You might have the same person in your business handling both advertising and promotion, and this might lead to the impression that they’re the same thing. Advertising and promotion are different, though, even if the end result for both is creating brand awareness, and getting leads and sales. The good news is that you can deduct some of your advertising and promotion expenses on your taxes.
What Is Advertising?
Advertising takes place over the long term. Carefully crafted advertising messages create enduring images of brands that can generate sales for years to come. A lot of research goes into pinpointing target markets for advertising messages to be successful.
Businesses tend to think of advertising as an investment and set budgets for advertising activities on a quarterly, semi-annual, or annual basis. For example, you might put aside a budget for search engine advertising or for placing ads on billboards in your community. Companies like Molson Coors, Tim Hortons, and Canada Goose remain on the minds of millions of Canadians because of their significant investments in advertising.
What Is Promotion?
Promotions work great for new small businesses on a budget because they can increase cash flow during those lean first months of operation. You can put a lot of thought into promotions, but you don’t have to. Suppose your business focuses on health and beauty products, and a vendor sends you 50 sample sizes of a new lotion you’re selling. You can set up a table at the front of your store where you invite customers try the product and give away the samples. Some customers and random walk-in shoppers might love the scent or the product’s ingredients and buy it on the spot. When you do promotions, the goal is to get immediate sales.

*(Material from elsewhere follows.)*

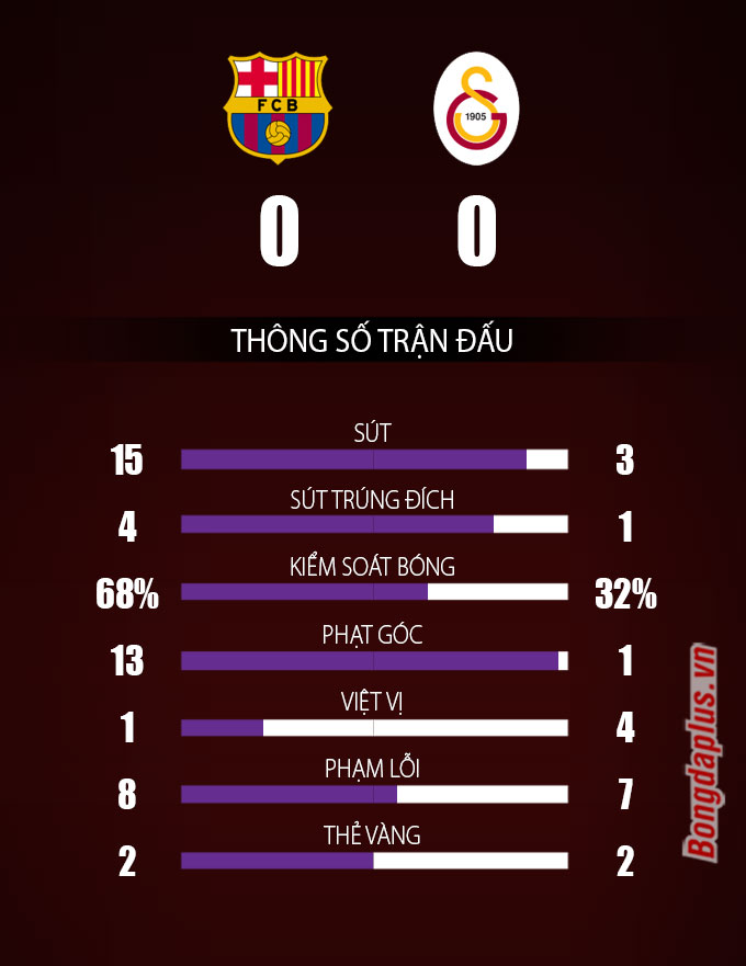 Trước Galatasary ở đẳng cấp thấp hơn, Barca đã làm chủ cuộc chơi ngay sau tiếng còi khai cuộc. Tuy nhiên, dù cầm bóng tới 69% và có số pha dứt điểm cao gấp 3 đối thủ (15 so với 3), Barca lại không sao xuyên thủng được khung thành trấn giữ bởi thủ môn Pena.
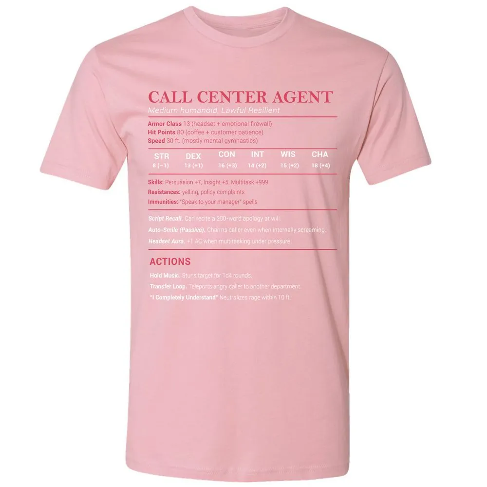 Call Center Agent Stats Premium Unisex T-Shirt - Light Pink - 3

You typically don’t put any effort into identifying a target market or measuring long-term success. Promotions usually don’t cost a lot of money like advertising does, and you might even do promotions daily, depending on the type of business you run. The goal is to get immediate sales as well as word-of-mouth mentions that may result in sales down the road. Promoting a product can build brand awareness over time, but since the goal is immediate sales, your brand might not be tattooed in consumers’ brains right away.
The Canada Revenue Agency lets you deduct advertising and promotion expenses, though it imposes some limitations. For example, you can only deduct advertisements handled by Canadian media, such as newspapers, TV, and radio. At least 80% of any Canadian media organization’s content must be original for you to deduct the full amount you spend. You can only deduct a portion of what you spend if the content is less than 80% original. You also can’t deduct the cost of advertising in foreign media, even if it’s to a Canadian audience.
When it comes to promotions, you usually can deduct your expenses, including the cost of printing brochures, fliers, and the cost of giveaway products. Consider using a promotion strategy to improve your cash flow, but plan an advertising strategy to ensure enduring brand awareness.